→ MATERIAL SHOWN:
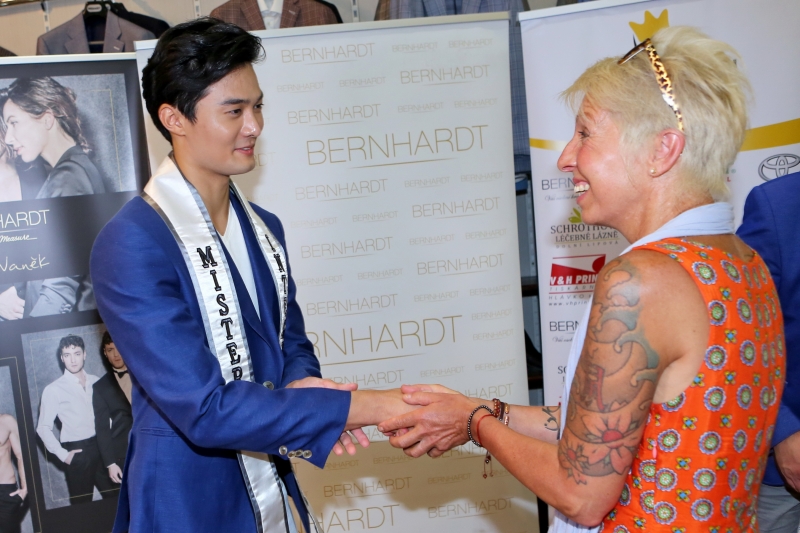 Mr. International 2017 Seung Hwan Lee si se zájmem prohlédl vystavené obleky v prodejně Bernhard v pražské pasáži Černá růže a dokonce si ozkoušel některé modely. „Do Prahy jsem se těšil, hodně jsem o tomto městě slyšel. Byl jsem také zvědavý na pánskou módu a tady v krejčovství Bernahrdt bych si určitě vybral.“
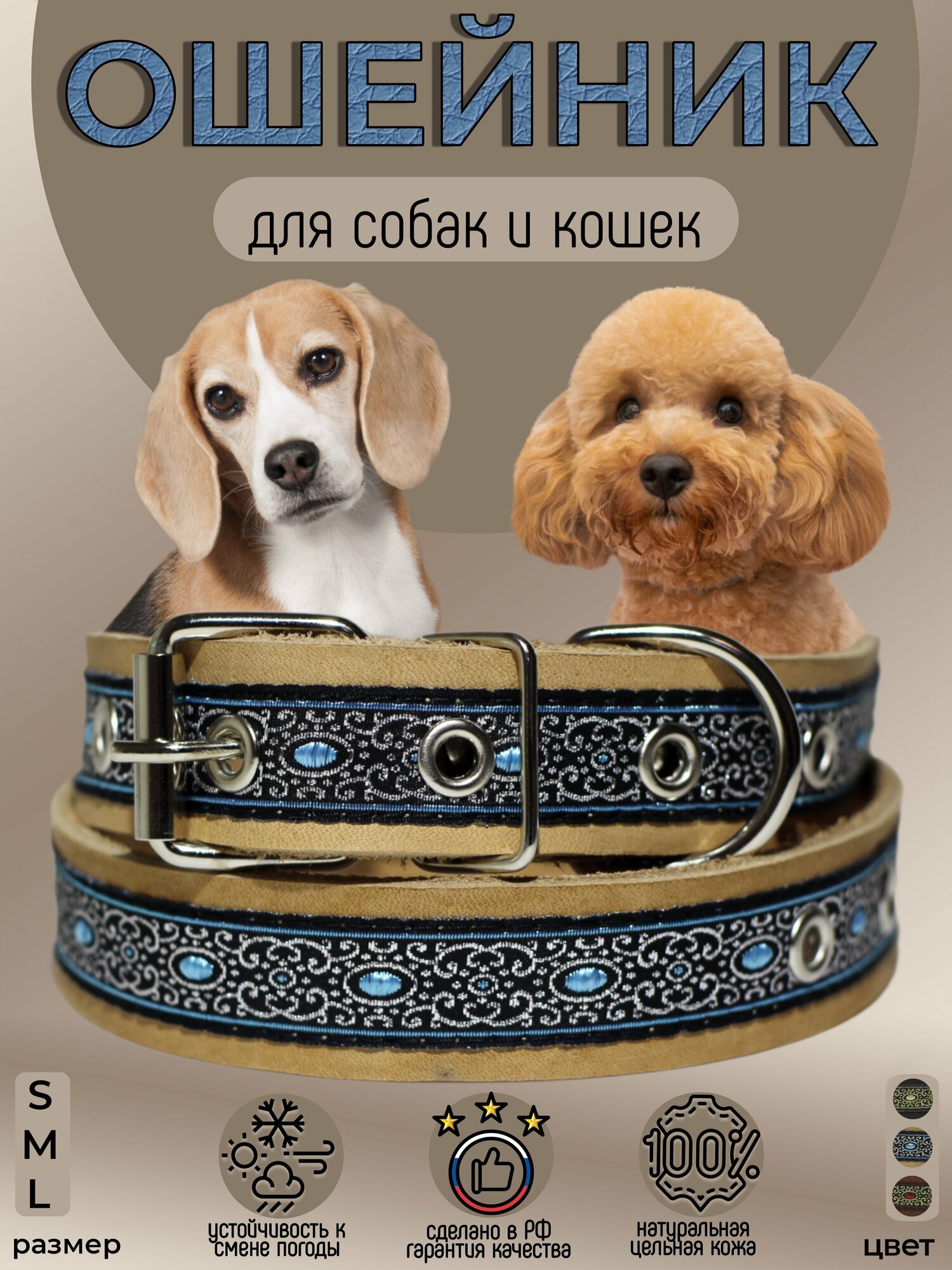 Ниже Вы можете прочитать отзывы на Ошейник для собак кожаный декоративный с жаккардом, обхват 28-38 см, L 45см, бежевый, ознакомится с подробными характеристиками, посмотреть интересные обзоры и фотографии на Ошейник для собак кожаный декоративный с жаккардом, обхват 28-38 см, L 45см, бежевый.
--
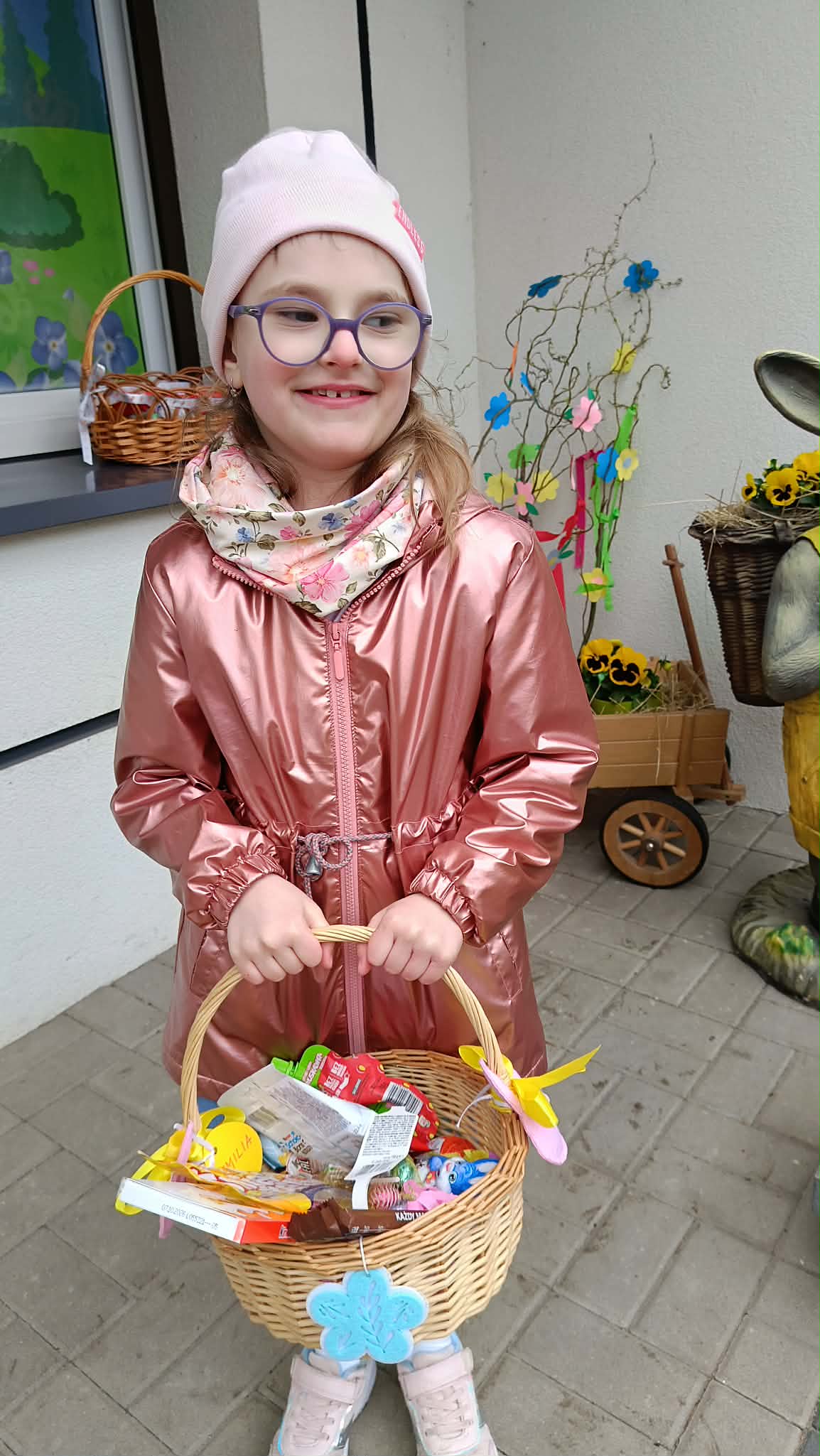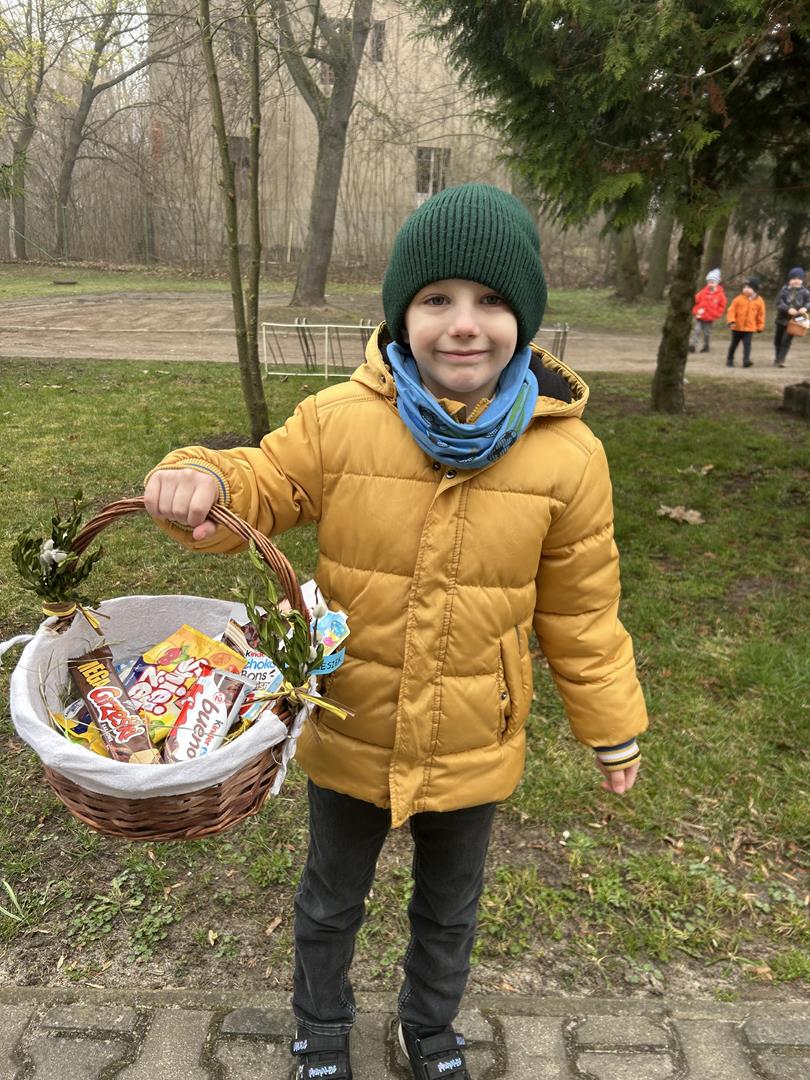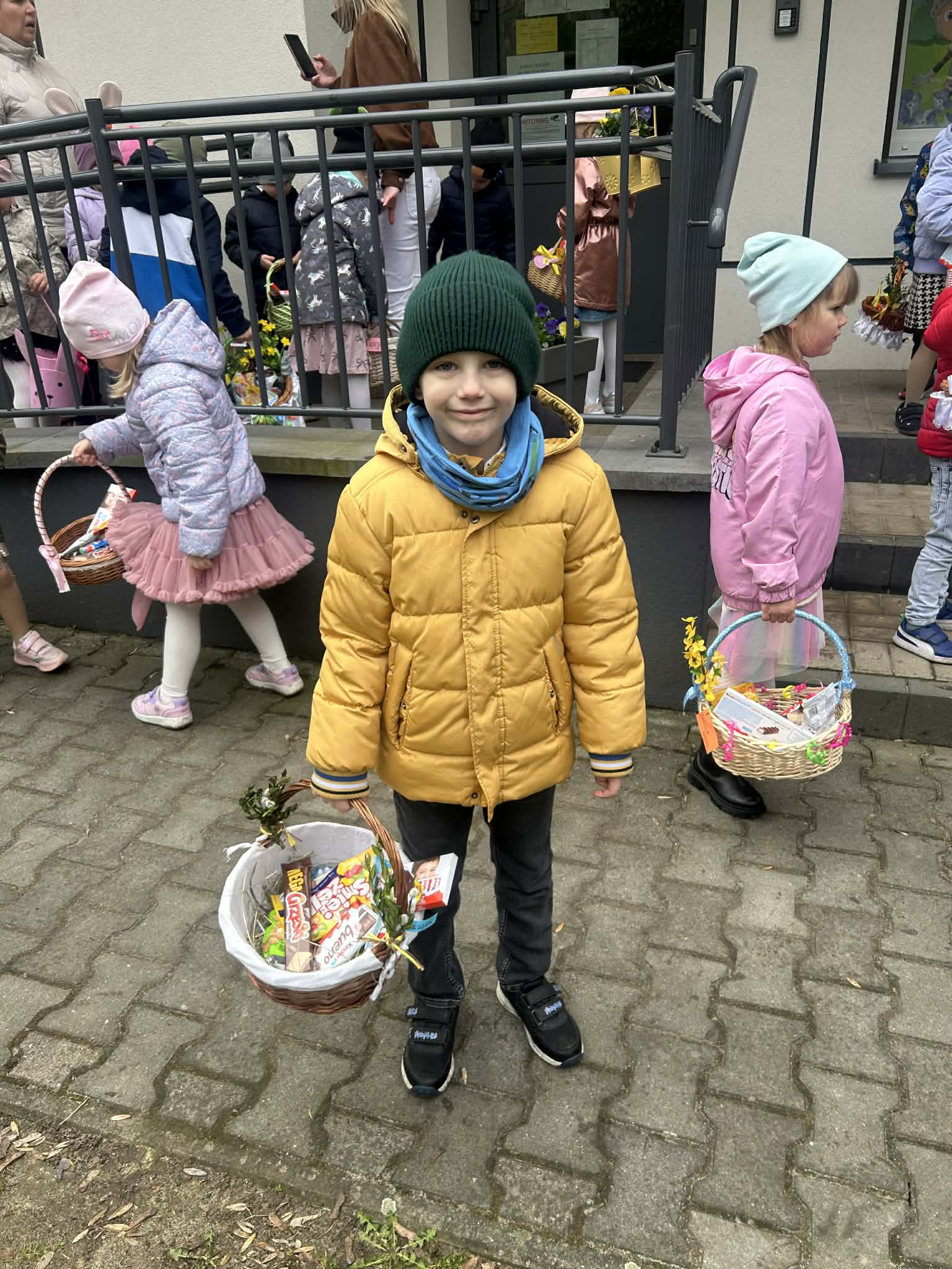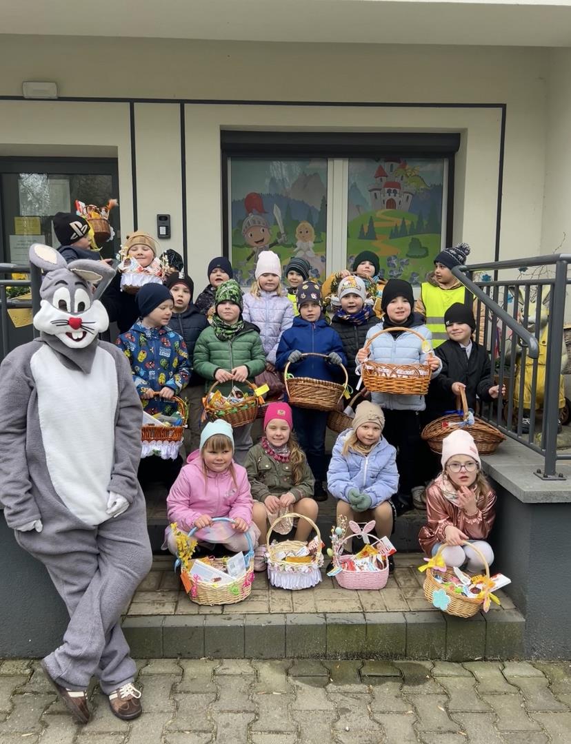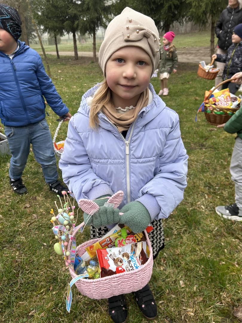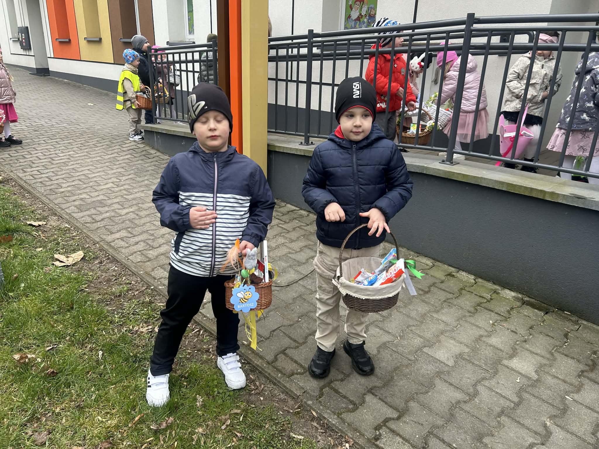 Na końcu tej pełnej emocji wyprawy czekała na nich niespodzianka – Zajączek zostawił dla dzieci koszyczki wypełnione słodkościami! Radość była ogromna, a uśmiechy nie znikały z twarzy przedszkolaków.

→ WHAT IS NEEDED:
In the data above, start at the line holding "Mr. International 2017" and stop after the line holding "Ниже Вы можете"; write out those lines exactly, without pictures.

→ YOUR SOLUTION:
 Mr. International 2017 Seung Hwan Lee si se zájmem prohlédl vystavené obleky v prodejně Bernhard v pražské pasáži Černá růže a dokonce si ozkoušel některé modely. „Do Prahy jsem se těšil, hodně jsem o tomto městě slyšel. Byl jsem také zvědavý na pánskou módu a tady v krejčovství Bernahrdt bych si určitě vybral.“
 Ниже Вы можете прочитать отзывы на Ошейник для собак кожаный декоративный с жаккардом, обхват 28-38 см, L 45см, бежевый, ознакомится с подробными характеристиками, посмотреть интересные обзоры и фотографии на Ошейник для собак кожаный декоративный с жаккардом, обхват 28-38 см, L 45см, бежевый.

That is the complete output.